HOW TO COMPLETE THIS TASK ▸
Would you print the lines below exactly, beginning at the line that has "A Guess Tapestry" and stopping after the line that has "100% Cotton &"? Only those lines, and no pictures.

THE RECORDS ▸

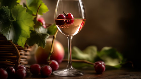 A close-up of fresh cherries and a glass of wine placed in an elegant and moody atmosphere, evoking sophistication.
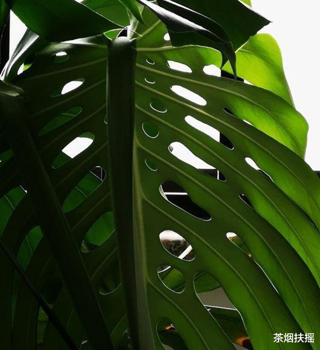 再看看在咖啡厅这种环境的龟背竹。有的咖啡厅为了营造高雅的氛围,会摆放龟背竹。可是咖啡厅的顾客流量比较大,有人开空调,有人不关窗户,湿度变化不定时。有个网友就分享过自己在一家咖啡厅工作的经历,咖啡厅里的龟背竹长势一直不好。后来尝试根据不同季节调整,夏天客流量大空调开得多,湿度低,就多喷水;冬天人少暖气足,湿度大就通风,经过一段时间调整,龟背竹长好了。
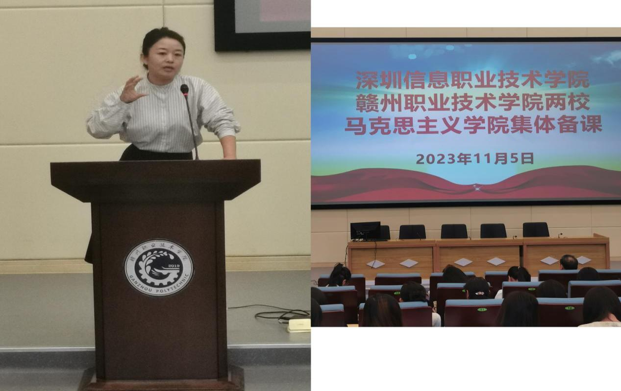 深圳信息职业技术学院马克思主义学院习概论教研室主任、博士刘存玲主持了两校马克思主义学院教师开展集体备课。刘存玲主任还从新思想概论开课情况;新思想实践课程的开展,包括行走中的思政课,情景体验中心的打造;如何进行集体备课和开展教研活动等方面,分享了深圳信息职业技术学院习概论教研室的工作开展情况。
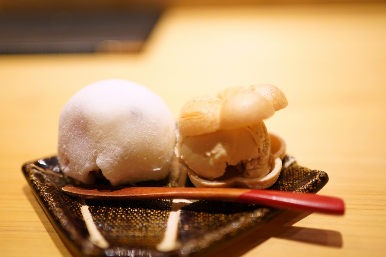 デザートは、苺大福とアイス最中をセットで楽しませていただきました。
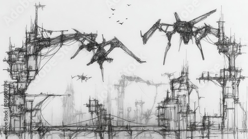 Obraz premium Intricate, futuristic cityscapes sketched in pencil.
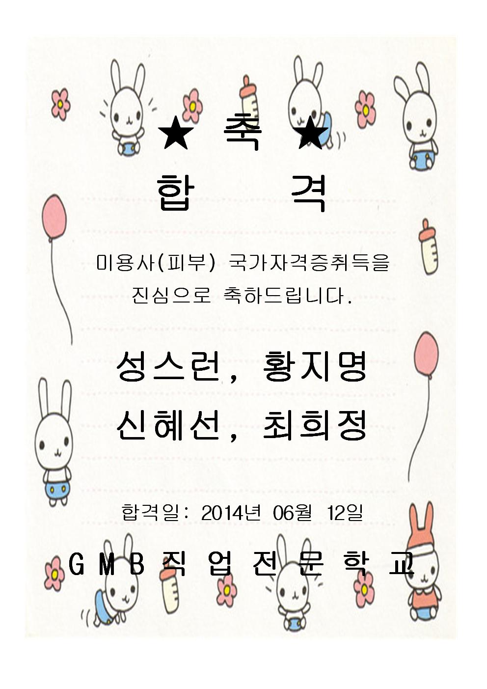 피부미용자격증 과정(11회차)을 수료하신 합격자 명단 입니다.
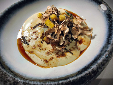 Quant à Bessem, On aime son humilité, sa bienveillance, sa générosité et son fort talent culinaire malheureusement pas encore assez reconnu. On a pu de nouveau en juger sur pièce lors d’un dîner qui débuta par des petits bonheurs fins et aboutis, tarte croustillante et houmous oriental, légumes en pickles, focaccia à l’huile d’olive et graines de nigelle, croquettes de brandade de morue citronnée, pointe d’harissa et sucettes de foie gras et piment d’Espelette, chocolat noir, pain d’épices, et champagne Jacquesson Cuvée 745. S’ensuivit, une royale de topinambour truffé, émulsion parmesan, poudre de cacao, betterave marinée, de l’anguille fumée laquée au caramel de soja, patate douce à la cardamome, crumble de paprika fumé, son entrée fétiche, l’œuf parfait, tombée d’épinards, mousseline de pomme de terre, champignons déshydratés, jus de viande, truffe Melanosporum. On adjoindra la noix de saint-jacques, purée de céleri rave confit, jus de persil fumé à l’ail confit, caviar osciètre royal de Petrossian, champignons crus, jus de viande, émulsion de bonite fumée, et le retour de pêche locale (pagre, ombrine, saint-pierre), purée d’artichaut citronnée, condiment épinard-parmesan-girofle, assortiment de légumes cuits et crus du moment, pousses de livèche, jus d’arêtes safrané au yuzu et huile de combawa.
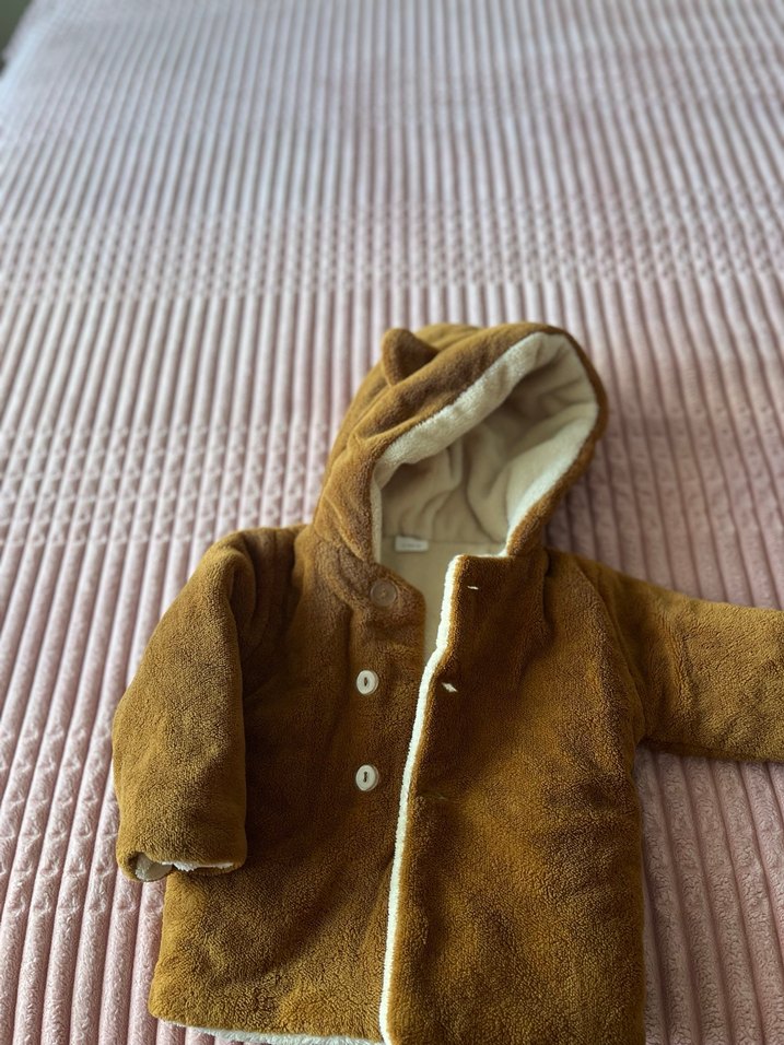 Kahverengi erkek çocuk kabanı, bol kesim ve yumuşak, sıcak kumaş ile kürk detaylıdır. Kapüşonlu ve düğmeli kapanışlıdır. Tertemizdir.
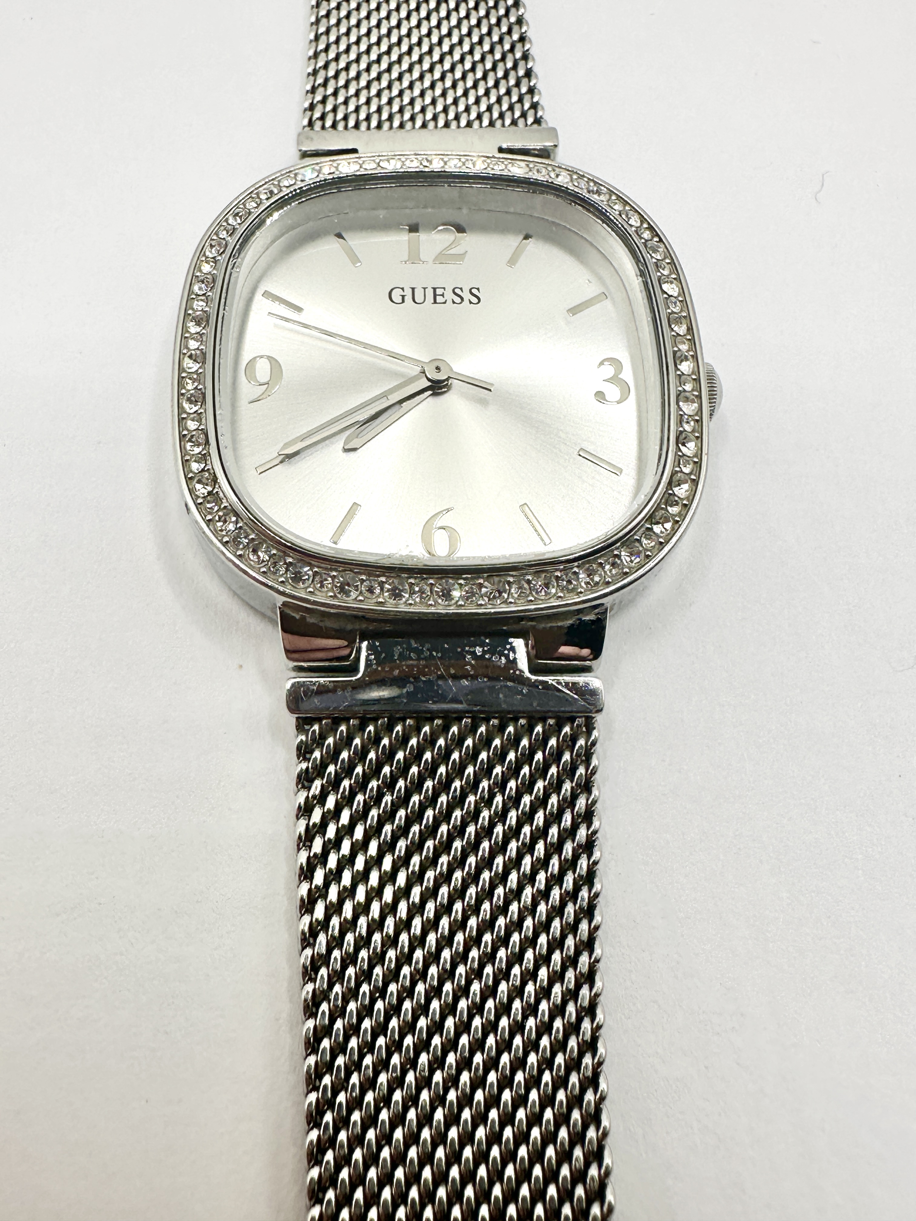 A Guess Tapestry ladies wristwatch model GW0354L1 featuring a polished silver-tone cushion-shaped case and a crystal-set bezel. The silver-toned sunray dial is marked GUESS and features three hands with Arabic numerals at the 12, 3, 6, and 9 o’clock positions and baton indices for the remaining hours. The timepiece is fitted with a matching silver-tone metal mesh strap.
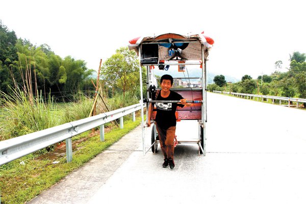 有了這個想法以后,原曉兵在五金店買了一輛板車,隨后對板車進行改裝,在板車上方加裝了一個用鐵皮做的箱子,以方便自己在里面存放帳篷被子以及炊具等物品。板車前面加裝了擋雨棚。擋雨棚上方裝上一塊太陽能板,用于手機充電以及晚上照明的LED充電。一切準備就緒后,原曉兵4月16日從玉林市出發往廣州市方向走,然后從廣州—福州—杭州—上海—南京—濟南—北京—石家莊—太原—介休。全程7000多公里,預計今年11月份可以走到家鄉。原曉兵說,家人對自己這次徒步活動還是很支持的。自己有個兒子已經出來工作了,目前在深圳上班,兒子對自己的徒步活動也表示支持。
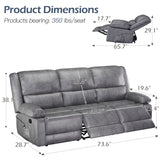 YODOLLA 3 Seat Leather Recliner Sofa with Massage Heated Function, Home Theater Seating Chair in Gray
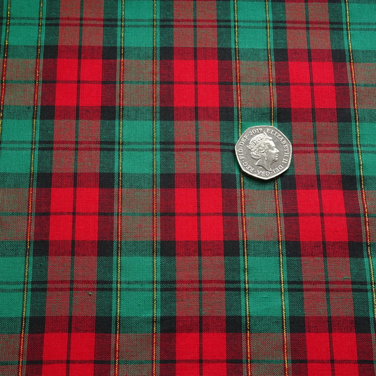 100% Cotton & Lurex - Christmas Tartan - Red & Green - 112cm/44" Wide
...
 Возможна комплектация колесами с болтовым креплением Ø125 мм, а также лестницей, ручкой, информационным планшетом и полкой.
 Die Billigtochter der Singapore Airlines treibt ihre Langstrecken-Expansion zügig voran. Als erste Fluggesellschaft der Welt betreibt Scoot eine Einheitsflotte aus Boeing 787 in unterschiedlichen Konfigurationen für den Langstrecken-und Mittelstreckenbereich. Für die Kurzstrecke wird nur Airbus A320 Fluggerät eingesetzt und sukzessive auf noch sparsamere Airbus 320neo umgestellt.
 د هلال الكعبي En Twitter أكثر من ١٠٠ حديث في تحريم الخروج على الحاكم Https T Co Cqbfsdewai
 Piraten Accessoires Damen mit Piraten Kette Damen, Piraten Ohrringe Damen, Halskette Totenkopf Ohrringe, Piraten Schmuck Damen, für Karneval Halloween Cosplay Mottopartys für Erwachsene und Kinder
==
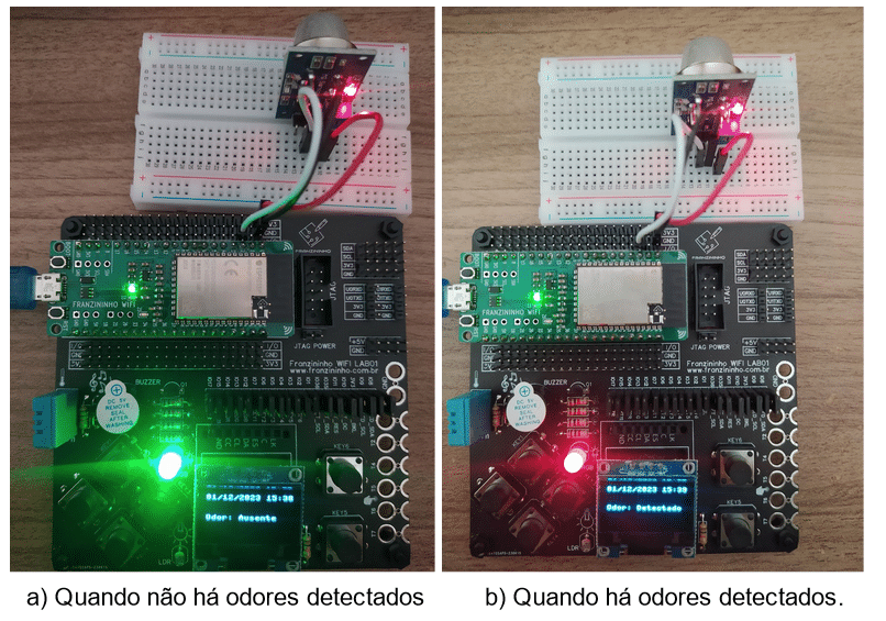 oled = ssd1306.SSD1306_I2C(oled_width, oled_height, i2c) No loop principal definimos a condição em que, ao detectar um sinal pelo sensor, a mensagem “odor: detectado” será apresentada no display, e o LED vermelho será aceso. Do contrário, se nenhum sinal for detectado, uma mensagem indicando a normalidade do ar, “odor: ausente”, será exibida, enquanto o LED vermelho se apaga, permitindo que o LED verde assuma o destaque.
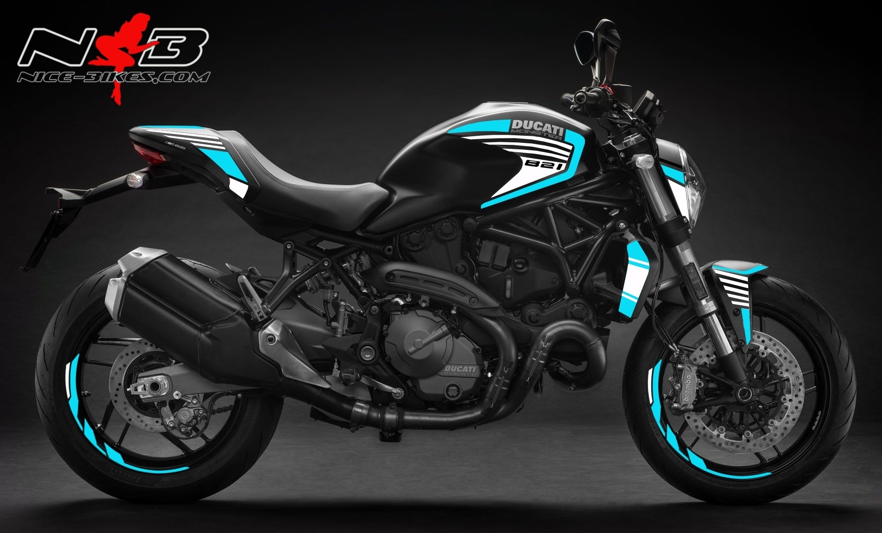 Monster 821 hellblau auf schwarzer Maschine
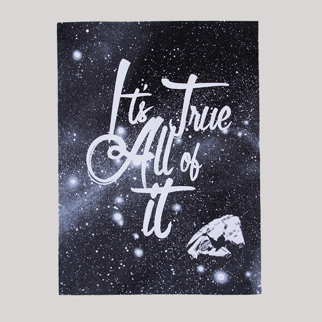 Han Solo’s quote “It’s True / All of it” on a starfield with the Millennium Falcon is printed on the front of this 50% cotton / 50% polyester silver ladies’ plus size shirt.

SOLUTION ▸
 A Guess Tapestry ladies wristwatch model GW0354L1 featuring a polished silver-tone cushion-shaped case and a crystal-set bezel. The silver-toned sunray dial is marked GUESS and features three hands with Arabic numerals at the 12, 3, 6, and 9 o’clock positions and baton indices for the remaining hours. The timepiece is fitted with a matching silver-tone metal mesh strap.
 有了這個想法以后,原曉兵在五金店買了一輛板車,隨后對板車進行改裝,在板車上方加裝了一個用鐵皮做的箱子,以方便自己在里面存放帳篷被子以及炊具等物品。板車前面加裝了擋雨棚。擋雨棚上方裝上一塊太陽能板,用于手機充電以及晚上照明的LED充電。一切準備就緒后,原曉兵4月16日從玉林市出發往廣州市方向走,然后從廣州—福州—杭州—上海—南京—濟南—北京—石家莊—太原—介休。全程7000多公里,預計今年11月份可以走到家鄉。原曉兵說,家人對自己這次徒步活動還是很支持的。自己有個兒子已經出來工作了,目前在深圳上班,兒子對自己的徒步活動也表示支持。
 YODOLLA 3 Seat Leather Recliner Sofa with Massage Heated Function, Home Theater Seating Chair in Gray
 100% Cotton & Lurex - Christmas Tartan - Red & Green - 112cm/44" Wide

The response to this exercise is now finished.